Engineered Trimeric ACE2 Binds and Locks "Three-up" Spike Protein to Potently Inhibit SARS-CoVs and Mutants (preprint)

SARS-CoV-2 enters cells via ACE-2, which binds the spike protein with moderate affinity. Despite a constant background mutational rate, the virus must retain binding with ACE2 for infectivity, providing a conserved constraint for SARS-CoV-2 inhibitors. To prevent mutational escape of SARS-CoV-2 and to prepare for future related coronavirus outbreaks, we engineered a de novo trimeric ACE2 (T-ACE2) protein scaffold that binds the trimeric spike protein with extremely high affinity (KD < 1 pM), while retaining ACE2 native sequence.

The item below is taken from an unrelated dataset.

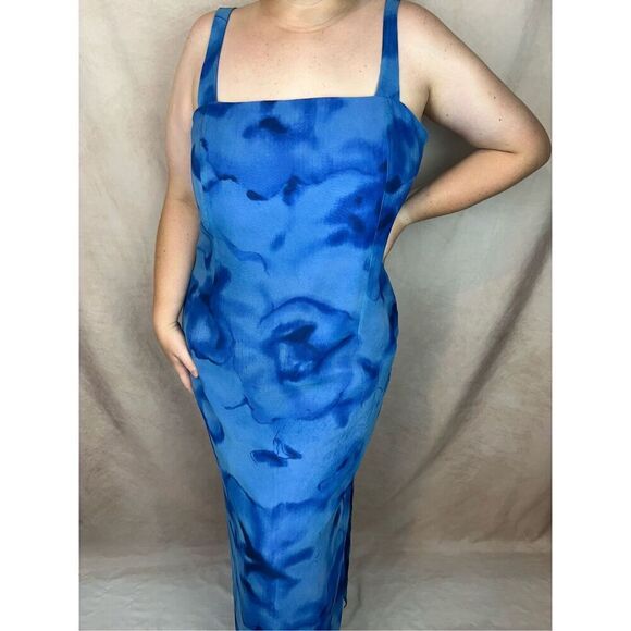 1990s XL Blue Watercolor Semi Formal Gown

T-ACE2 potently inhibits all tested pseudotyped viruses including SARS-CoV-2, SARS-CoV, eight naturally occurring SARS-CoV-2 mutants, two SARSr-CoVs as well as authentic SARS-CoV-2. The cryo-EM structure reveals that T-ACE2 can induce the transit of spike protein to "three-up" RBD conformation upon binding. T-ACE2 thus represents a promising class of broadly neutralizing proteins against SARS-CoVs and mutants.

The recombinant subunit vaccine RBD-Fc, consisting of SARS-CoV-2 RBD and human IgG Fc as an immunopotentiator, elicits robust neutralizing antibody responses against SARS-CoV-2 infection (preprint)

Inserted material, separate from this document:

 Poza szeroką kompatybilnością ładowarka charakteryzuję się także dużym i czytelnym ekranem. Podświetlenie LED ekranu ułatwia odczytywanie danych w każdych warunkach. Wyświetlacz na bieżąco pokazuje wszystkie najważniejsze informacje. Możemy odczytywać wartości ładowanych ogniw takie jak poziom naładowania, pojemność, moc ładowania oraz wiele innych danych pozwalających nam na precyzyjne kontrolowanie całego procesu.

The pandemic of COVID-19 caused by SARS-CoV-2 has posed serious threats to global health and economy, thus calling for the development of safe and effective vaccines. The receptor-binding domain (RBD) in the spike protein of SARS-CoV-2 is responsible for its binding to ACE2 receptor. It contains multiple dominant neutralizing epitopes and serves as an important antigen for the development of COVID-19 vaccines. Here, we showed that immunization of mice with a candidate subunit vaccine consisting of SARS-CoV-2 RBD and Fc fragment of human IgG, as an immunopotentiator, elicited high titer of RBD-specific antibodies with robust neutralizing activity against both pseudotyped and live SARS-CoV-2 infections. The mouse antisera could also effectively neutralize infection by pseudotyped SARS-CoV-2 with several natural mutations in RBD and the IgG extracted from the mouse antisera could also show neutralization against pseudotyped SARS-CoV and SARS-related coronavirus (SARSr-CoV). Vaccination of human ACE2 transgenic mice with RBD-Fc could effectively protect mice from the SARS-CoV-2 challenge. These results suggest that SARS-CoV-2 RBD-Fc has good potential to be further developed as an effective and broad-spectrum vaccine to prevent infection of the current SARS-CoV-2 and its mutants, as well as future emerging SARSr-CoVs and re-emerging SARS-CoV.